___ Data for review ___

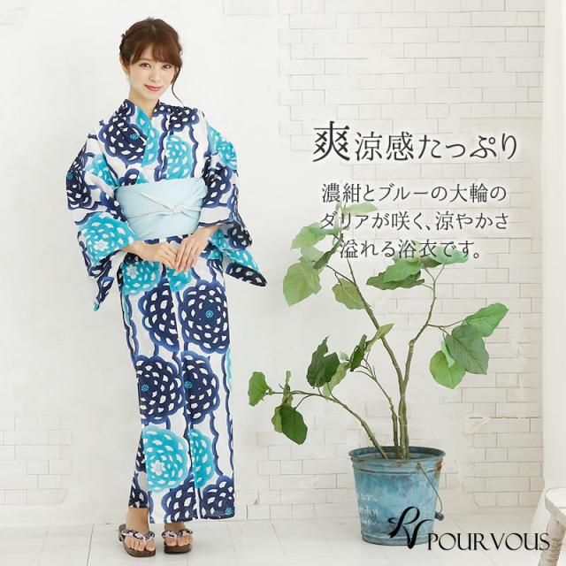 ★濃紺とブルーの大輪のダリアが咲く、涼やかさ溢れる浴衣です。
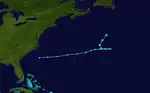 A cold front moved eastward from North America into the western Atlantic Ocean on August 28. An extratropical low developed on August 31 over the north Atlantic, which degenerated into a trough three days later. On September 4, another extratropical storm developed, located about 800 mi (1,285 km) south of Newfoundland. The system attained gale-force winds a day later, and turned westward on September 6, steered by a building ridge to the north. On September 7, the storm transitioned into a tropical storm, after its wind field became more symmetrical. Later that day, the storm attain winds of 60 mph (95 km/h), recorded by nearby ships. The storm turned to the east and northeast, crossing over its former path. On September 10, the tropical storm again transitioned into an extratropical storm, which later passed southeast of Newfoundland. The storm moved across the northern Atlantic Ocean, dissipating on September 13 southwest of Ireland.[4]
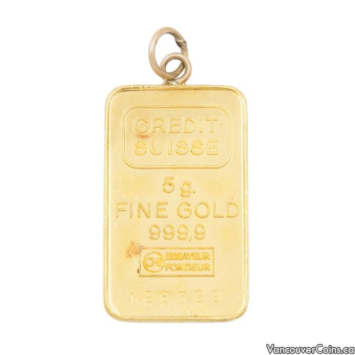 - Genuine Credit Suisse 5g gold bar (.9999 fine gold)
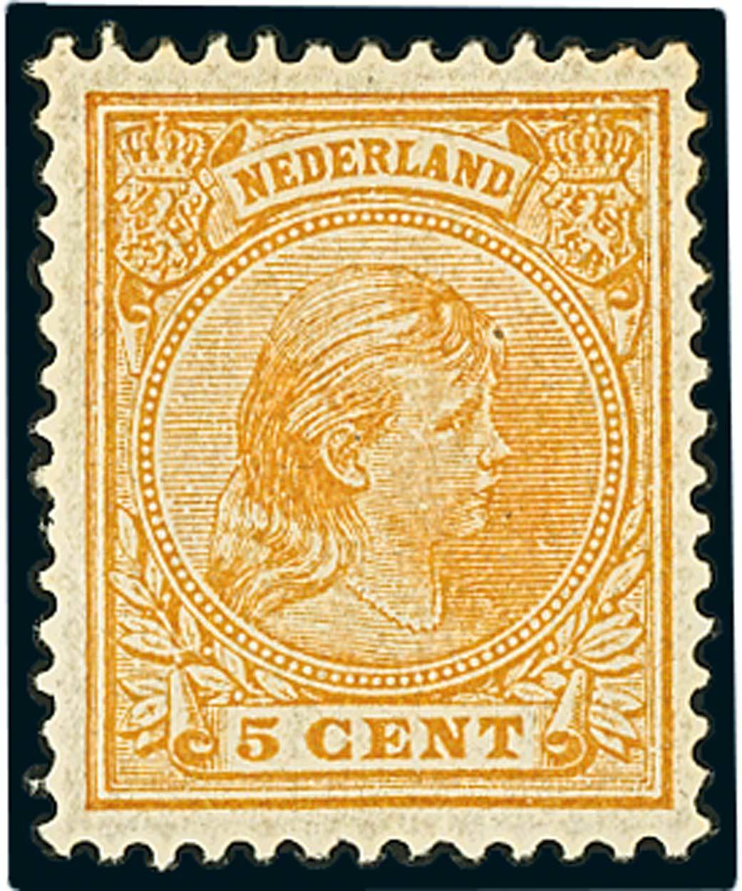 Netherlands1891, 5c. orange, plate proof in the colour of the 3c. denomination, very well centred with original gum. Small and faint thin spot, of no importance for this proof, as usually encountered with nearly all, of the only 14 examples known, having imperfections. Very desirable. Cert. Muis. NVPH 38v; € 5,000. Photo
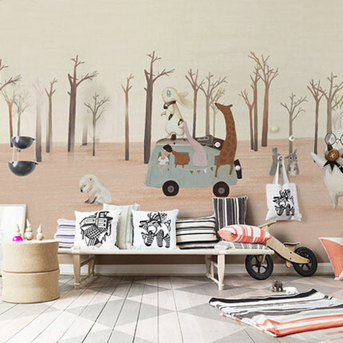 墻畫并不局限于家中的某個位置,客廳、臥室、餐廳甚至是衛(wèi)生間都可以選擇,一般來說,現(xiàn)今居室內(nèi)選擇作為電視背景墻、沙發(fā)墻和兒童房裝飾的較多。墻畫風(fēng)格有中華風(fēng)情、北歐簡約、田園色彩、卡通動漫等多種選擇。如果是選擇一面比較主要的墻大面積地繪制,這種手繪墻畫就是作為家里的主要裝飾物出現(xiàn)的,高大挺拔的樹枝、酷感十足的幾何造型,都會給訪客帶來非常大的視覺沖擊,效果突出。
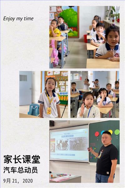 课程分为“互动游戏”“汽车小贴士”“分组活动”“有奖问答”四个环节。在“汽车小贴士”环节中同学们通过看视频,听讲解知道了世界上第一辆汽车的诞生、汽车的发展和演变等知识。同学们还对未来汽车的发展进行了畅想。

___
___ Data for review ___

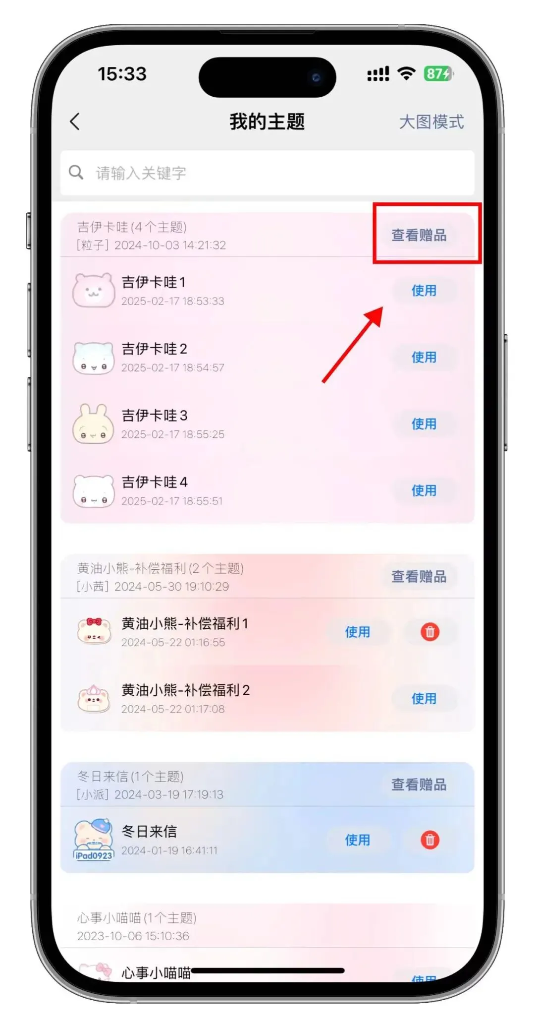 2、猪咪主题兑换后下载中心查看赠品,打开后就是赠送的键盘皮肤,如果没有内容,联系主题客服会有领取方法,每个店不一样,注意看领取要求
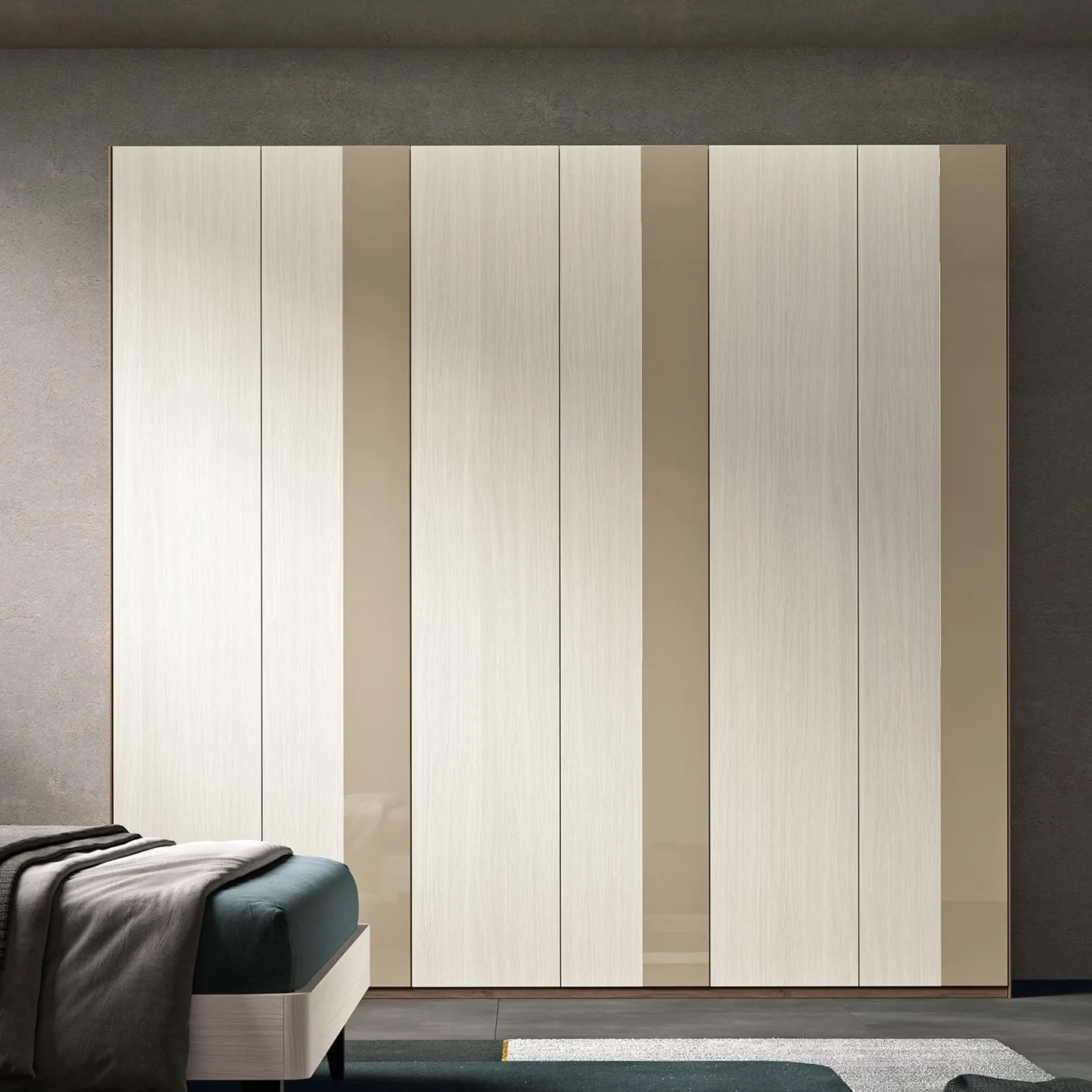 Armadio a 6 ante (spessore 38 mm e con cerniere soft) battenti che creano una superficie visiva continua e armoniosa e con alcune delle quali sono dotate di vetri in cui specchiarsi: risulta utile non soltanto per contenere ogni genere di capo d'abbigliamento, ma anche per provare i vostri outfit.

___

__Aim of the task__.
In the listing above, find the line with "2、猪咪主题兑换后下载中心查" and output every line through the one with "Armadio a 6", exactly, without the pictures.

__Response area__.
 2、猪咪主题兑换后下载中心查看赠品,打开后就是赠送的键盘皮肤,如果没有内容,联系主题客服会有领取方法,每个店不一样,注意看领取要求
 Armadio a 6 ante (spessore 38 mm e con cerniere soft) battenti che creano una superficie visiva continua e armoniosa e con alcune delle quali sono dotate di vetri in cui specchiarsi: risulta utile non soltanto per contenere ogni genere di capo d'abbigliamento, ma anche per provare i vostri outfit.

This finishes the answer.